* Task instructions: Would you transcribe the records below from the line with "พนักงานทุกคนหมดหนทางแล้วค่ะ ใจร้ายใจดำเกินไป ภาพลักษณ์ดูดี" to the line with "Diese attraktive und", ends included, exactly and with nothing more, leaving the pictures out?

[Data listing Boundary: Start]

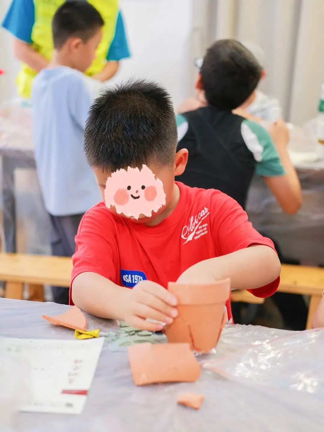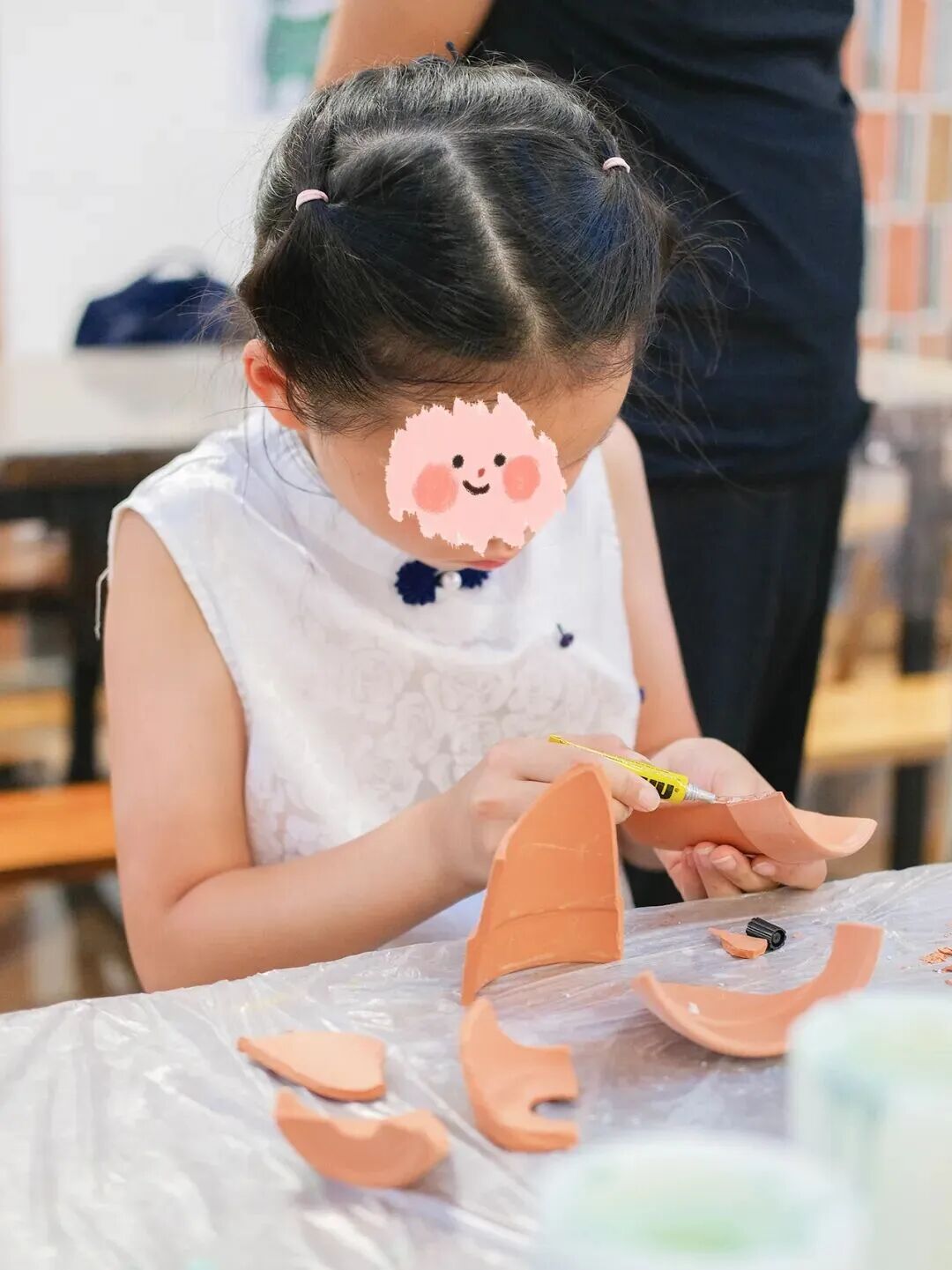 随后,带领孩子们【学习文物修复】的工作。文物被挖掘出土的时候往往都是不完整的 ,而是以碎片的形式被挖掘出来,于是文物工作者有一套巨大复杂的修复工作,通过缜密的修复工作,复原文物最初的样貌,呈现在我们的面前。
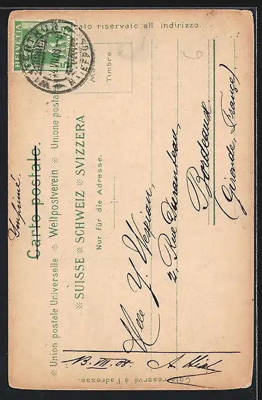 gelaufen 1908, Eckknicke re. oben u. li., Bugspur re. oben, guter Zustand
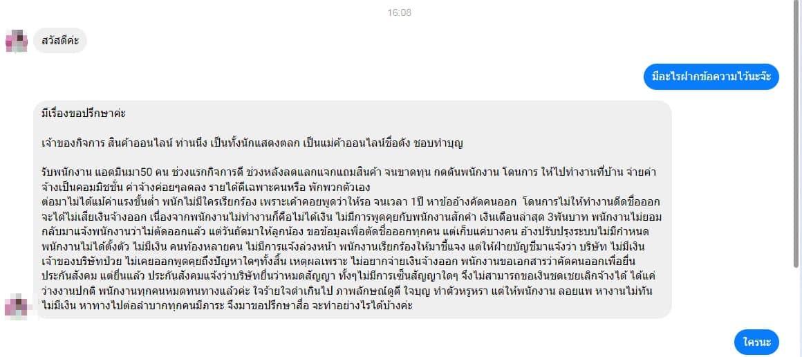 พนักงานทุกคนหมดหนทางแล้วค่ะ ใจร้ายใจดำเกินไป ภาพลักษณ์ดูดี ใจบุญ ทำตัวหรูหรา แต่ให้พนักงานลอยแพ หางานไม่ทัน หาทางไปต่อลำบาก ทุกคนมีภาระ จึงมาขอปรึกษาสื่อ จะทำอย่างไรได้บ้างค่ะ”
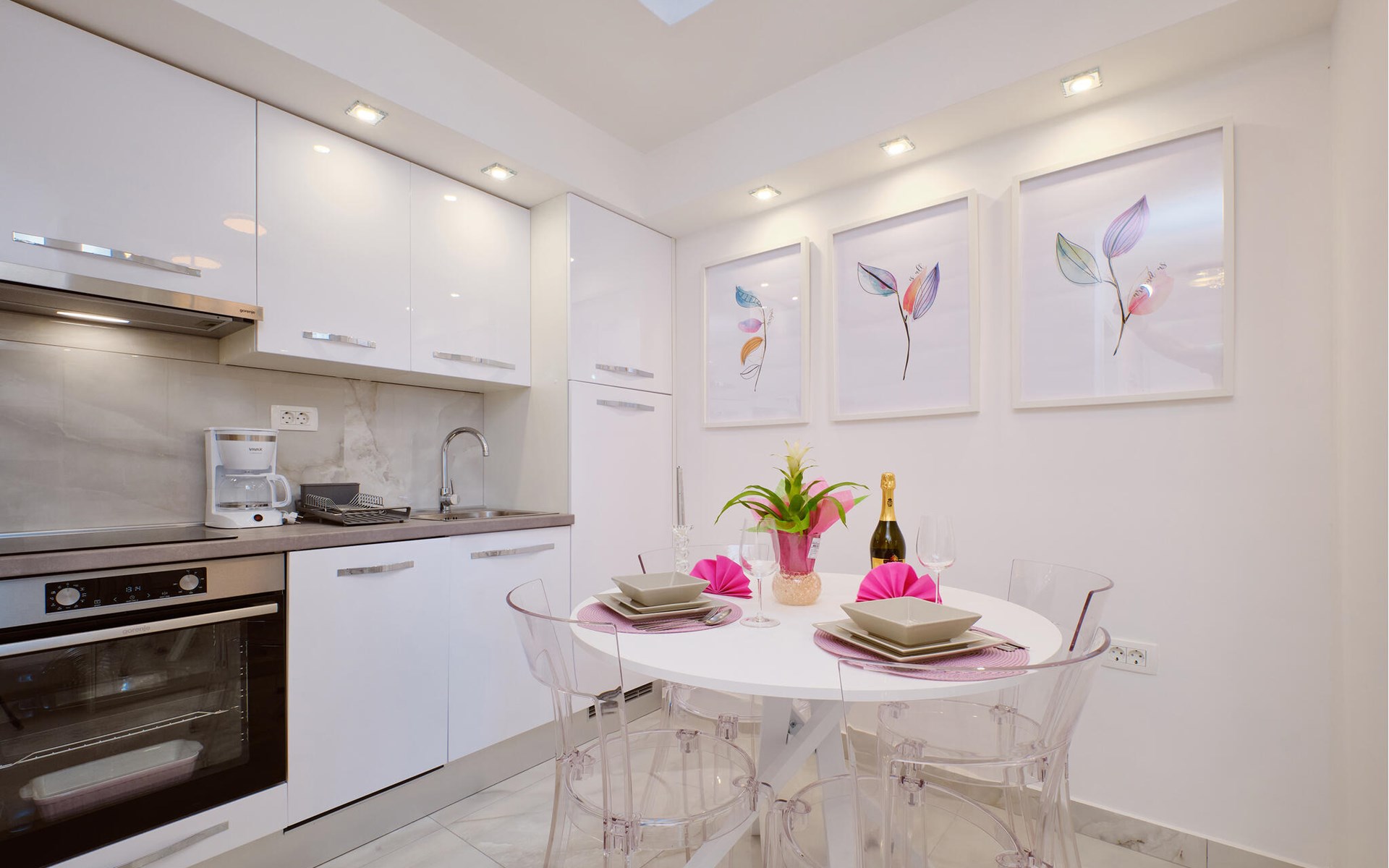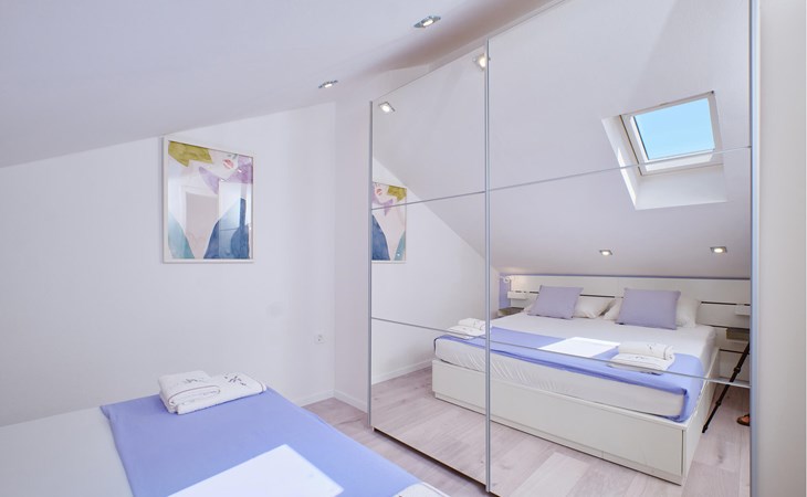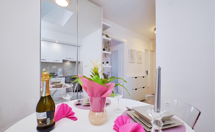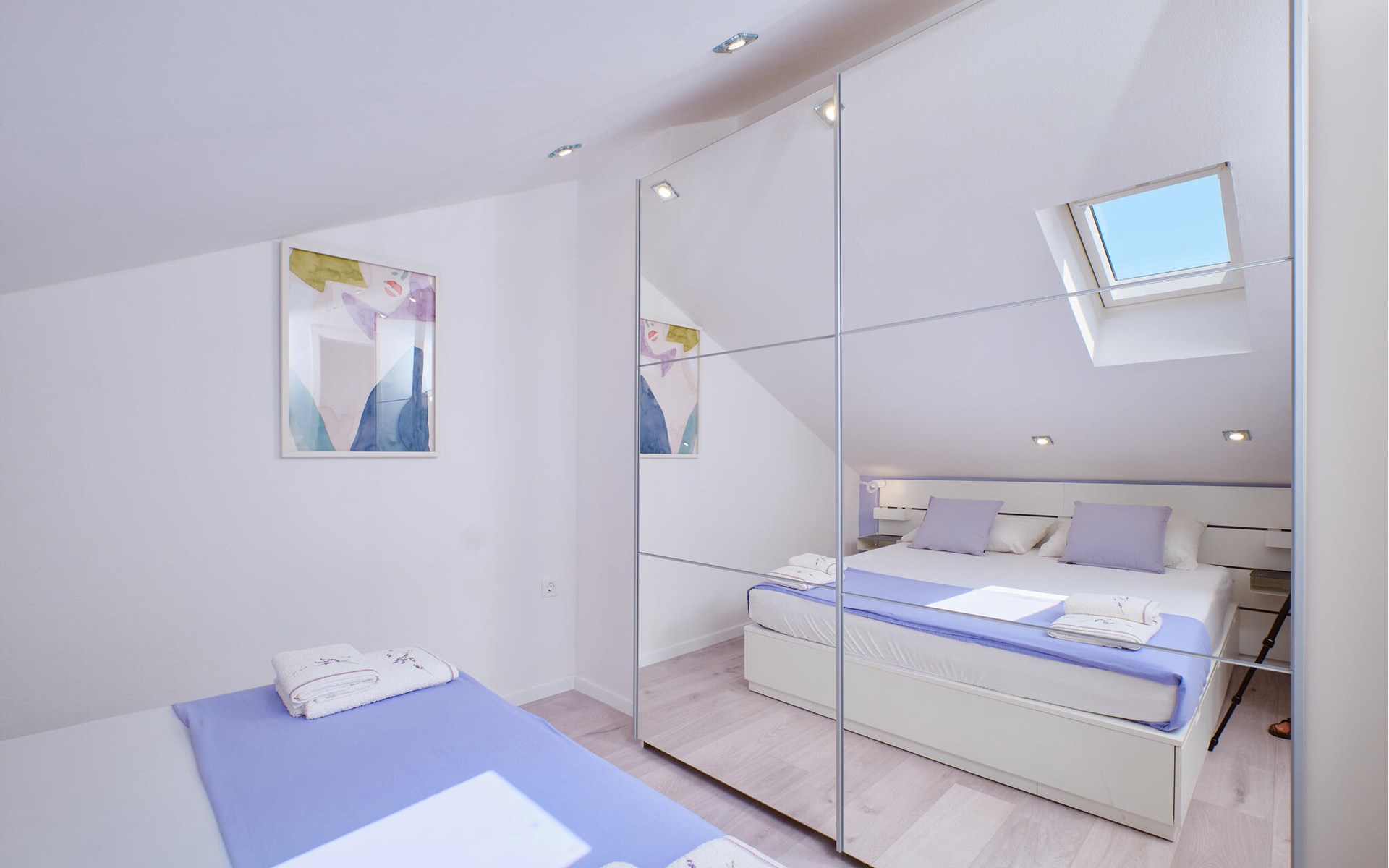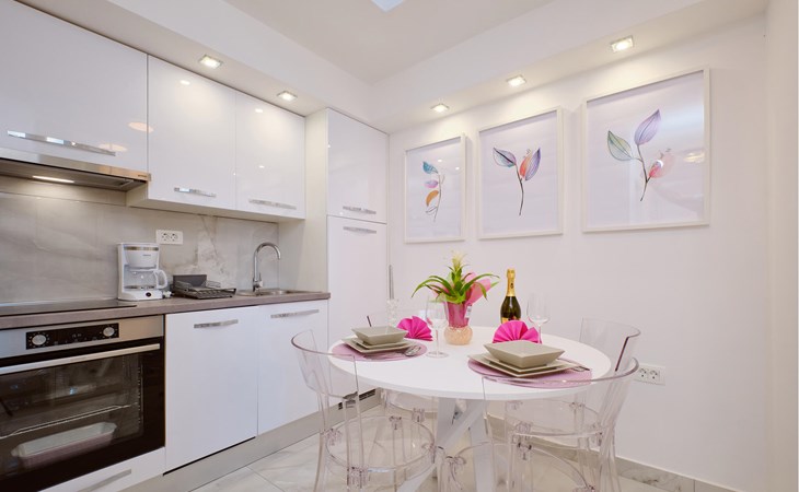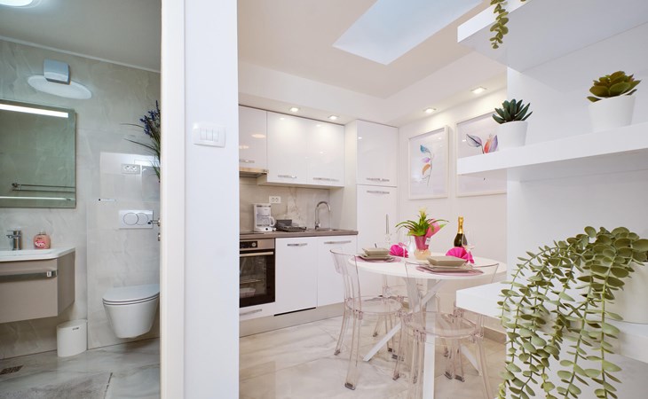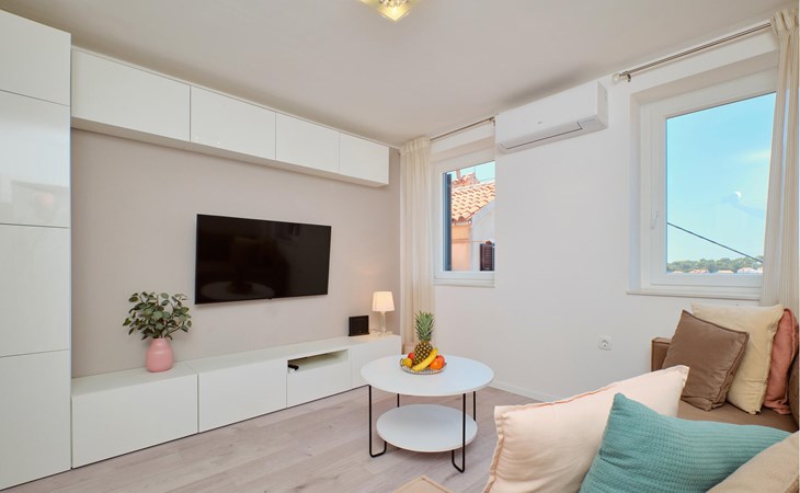 Diese attraktive und geräumige Ferienwohnung bietet Ihnen ein komfortables Refugium, nur wenige Gehminuten vom Zentrum von Mali Lošinj entfernt, und verwöhnt Sie mit einem wunderschönen Blick auf die Stadt und das Meer. Zaubern Sie sich in der modernen Küche leckere Gerichte und zelebrieren Sie die gemeinsame Zeit mit stilvollen Mahlzeiten am Esstisch. Entspannen Sie abends auf dem gemütlichen Sofa, wo Sie einen Film streamen oder sich einem guten Buch widmen können, für das Sie im Alltag keine Zeit finden.
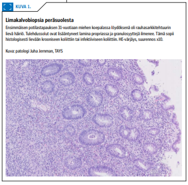 Nuoremmalle miehelle oli tehty sigmoideoskopia, jossa todettiin aktiivinen proktiitti. Koepalalöydös viittasi tulehdukselliseen suolistosairauteen. Vanhemmalle miehelle oli tehty kolonoskopia, jossa myös hänellä todettiin aktiivinen proktiitti. Koepalalöydös sopi aktiiviseen tulehduksellisen suolistosairauden tyyppiseen krooniseen proktiittiin (kuva 1 «»1).
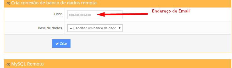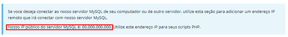 Importante! As conexões remotas também exigem que você use um IP específico para se conectar aos seus bancos de dados ou seu MySQL host não irá funcionará. Para descobrir o IP que você deve procurar o texto "Nosso IP público do servidor MySQL é:" no topo da página do MySQL Remoto:

[Data listing Boundary: End]

* Response to this task:
 พนักงานทุกคนหมดหนทางแล้วค่ะ ใจร้ายใจดำเกินไป ภาพลักษณ์ดูดี ใจบุญ ทำตัวหรูหรา แต่ให้พนักงานลอยแพ หางานไม่ทัน หาทางไปต่อลำบาก ทุกคนมีภาระ จึงมาขอปรึกษาสื่อ จะทำอย่างไรได้บ้างค่ะ”
 Diese attraktive und geräumige Ferienwohnung bietet Ihnen ein komfortables Refugium, nur wenige Gehminuten vom Zentrum von Mali Lošinj entfernt, und verwöhnt Sie mit einem wunderschönen Blick auf die Stadt und das Meer. Zaubern Sie sich in der modernen Küche leckere Gerichte und zelebrieren Sie die gemeinsame Zeit mit stilvollen Mahlzeiten am Esstisch. Entspannen Sie abends auf dem gemütlichen Sofa, wo Sie einen Film streamen oder sich einem guten Buch widmen können, für das Sie im Alltag keine Zeit finden.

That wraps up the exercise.